Haven’t we all at some point, in having to deal with the issue of discipline, said to our child(ren), “What do you think I should do? How would you choose your punishment?” We ask this because we hope that our children can come to the point of realisation—realisation of not only the seriousness of their actions, and how it needs to be handled, but also realisation of how hard it is for us as parents to mete out discipline. We want them to understand that we don’t relish handing out punishment just like that, but that sometimes it’s necessary.

There was a period, somewhere around the age of three to four (and still going on to a lesser extent now) when the Boy was always getting himself into some sort of scrape or another which demanded action from us, the disciplinarians. Discipline was usually in the form of “Go sit on the stairs and think about what you did, and come back and apologise when you’re feeling calmer, and truly sorry.” (Eventually, worse offenses demanded a “Go to your room—and no playing with your toys!” or a “No treats for a week”. But for the most part, sitting on the stairs was punishment enough for a four-year-old boy.) The Boy got so used to his own misbehaviour and resulting punishment that it got to the point where, whenever he commited an offense, he’d look at us and say, “Do I have to go sit on the stairs now?” We didn’t even need to ask him; he just knew.

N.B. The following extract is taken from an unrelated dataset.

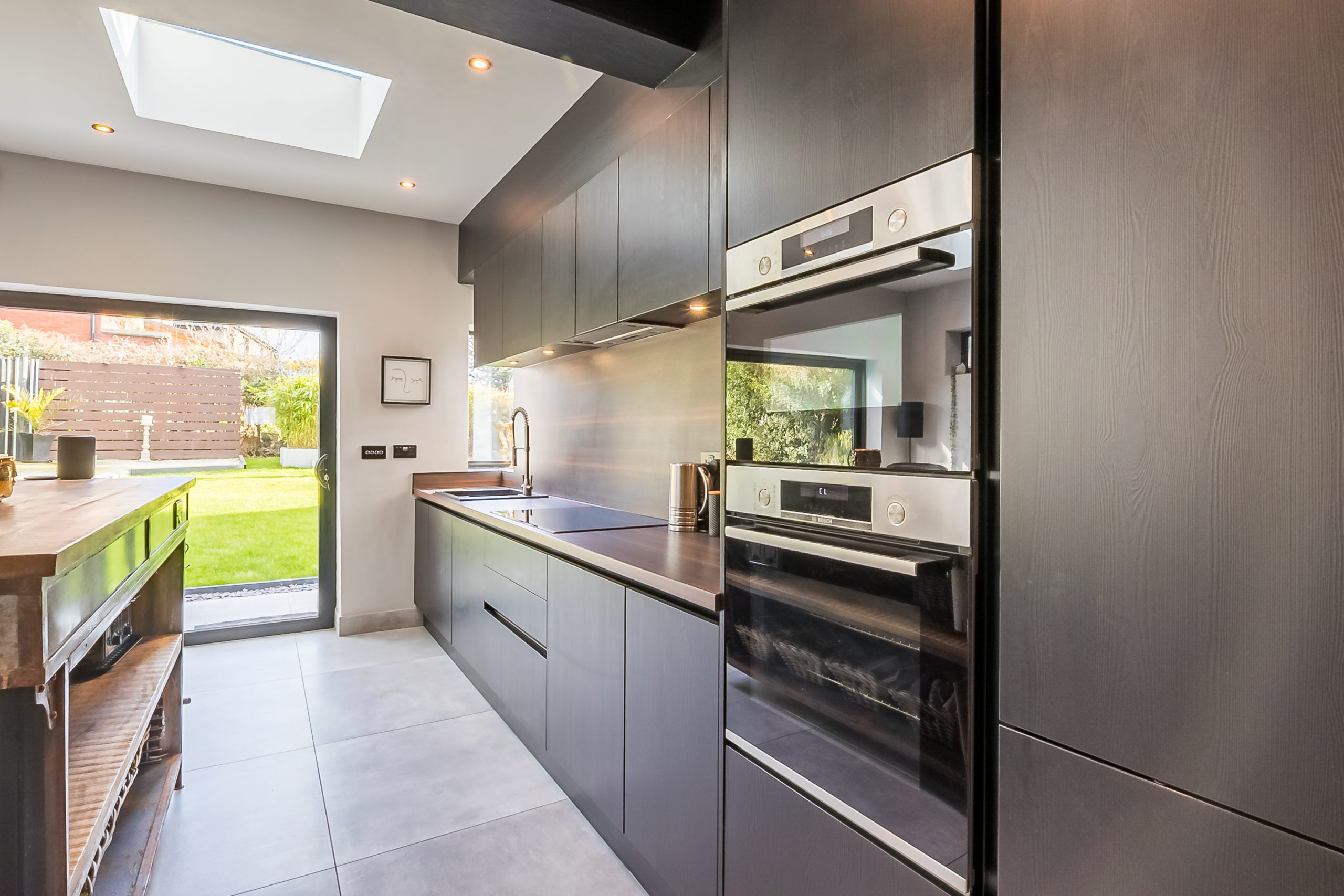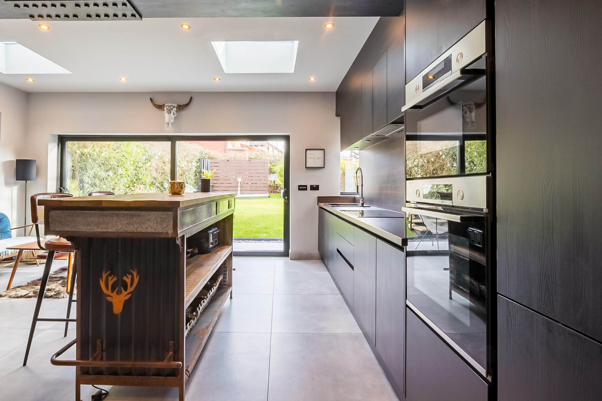 The dark and stylish kitchen sits in one block against a wall, opening out to a quirky central island table and comfortable seating alongside the expansive sliding doors out to the garden. It’s an unusual layout which looks amazing in this home.

During that period, I had the insane confidence and courage that I could take both kids on a month-long trip to B.C. to visit their grandparents whom they don’t see often. I knew going in that A) just because he was in a different house wouldn’t mean that his behaviour would improve, and B) grandparents are the biggest softies at heart. Sure enough, minor physical violence against his sister continued behind my back, and when I found out about it, the Boy’s new spot became the grandparents’ stairs.

It was always me putting him on the stairs, because my parents saw him as the wonderful grandson who could do no wrong. So one day, my mother came to me and said, “Why is the Boy sitting on the stairs? What did he do now?”

“I don’t know,” I replied. “I didn’t see or hear anything.” So I went to ask him what had happened, and he confessed his wrongdoing at that moment. He said that he felt he should sit on the stairs. Then he said the funniest, most heartwarming thing ever:

“I miss my stairs at home,” he said with a sad sigh. During punishment, there’s comfort in familiar surroundings.

I felt a mixture of emotions over his words: I was sad for him that he didn’t have that familiarity during a tough period. At the same time, I was proud that even in strange surroundings, he was still aware enough of his behaviour, to mete out some tough discipline and know where he needed to be.